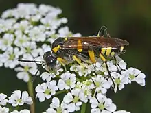 The adults of this sawfly can mostly be encountered from May through July.[3] Adults mainly feed on pollen and nectar, especially on Heracleum sphondylium,[4] but they feed also on honeydew and small insects.[3] The larvae are monophagous and develop on the leaves of blackberries and raspberries (Rubus fruticosus).[3][4]
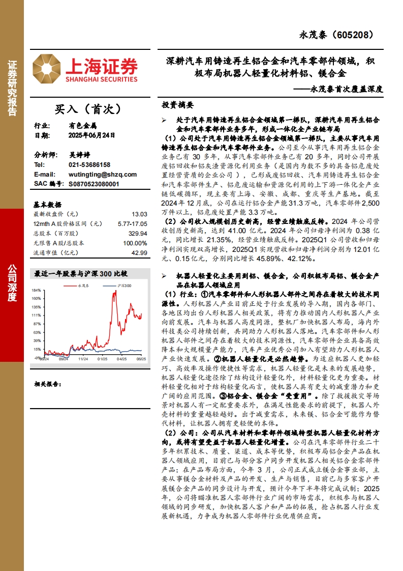 2025-06-25-上海證券-永茂泰-永茂泰首次覆蓋深度:深耕汽車用鑄造再生鋁合金和汽車零部件領(lǐng)域,積極布局機器人輕量化材料鋁、鎂合金
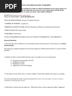 Annotated Bibliography Practice Worksheet
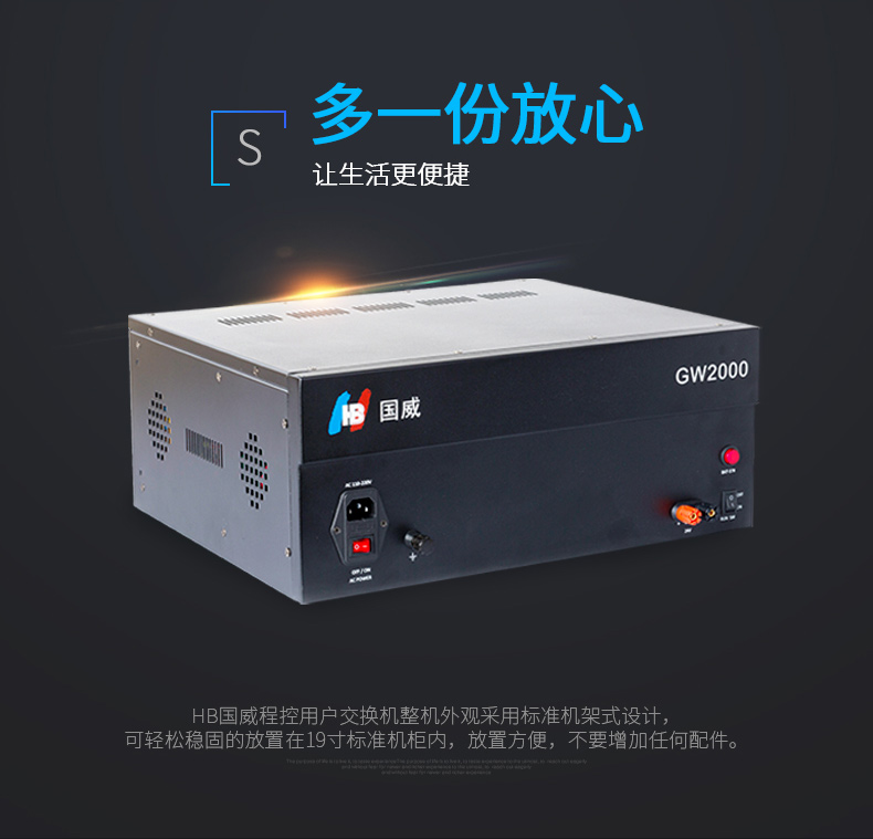 1:铁壳机架式语音通信设备,支持32外线256内线、20个业务槽位、4个外线槽位(含1个内外线复用槽位)15个分机槽位。

────

WHAT YOU NEED TO DO
The answer is the full listing above, repeated exactly, with its pictures removed.

WORKED SOLUTION
 The adults of this sawfly can mostly be encountered from May through July.[3] Adults mainly feed on pollen and nectar, especially on Heracleum sphondylium,[4] but they feed also on honeydew and small insects.[3] The larvae are monophagous and develop on the leaves of blackberries and raspberries (Rubus fruticosus).[3][4]
 2025-06-25-上海證券-永茂泰-永茂泰首次覆蓋深度:深耕汽車用鑄造再生鋁合金和汽車零部件領(lǐng)域,積極布局機器人輕量化材料鋁、鎂合金
 Annotated Bibliography Practice Worksheet
 1:铁壳机架式语音通信设备,支持32外线256内线、20个业务槽位、4个外线槽位(含1个内外线复用槽位)15个分机槽位。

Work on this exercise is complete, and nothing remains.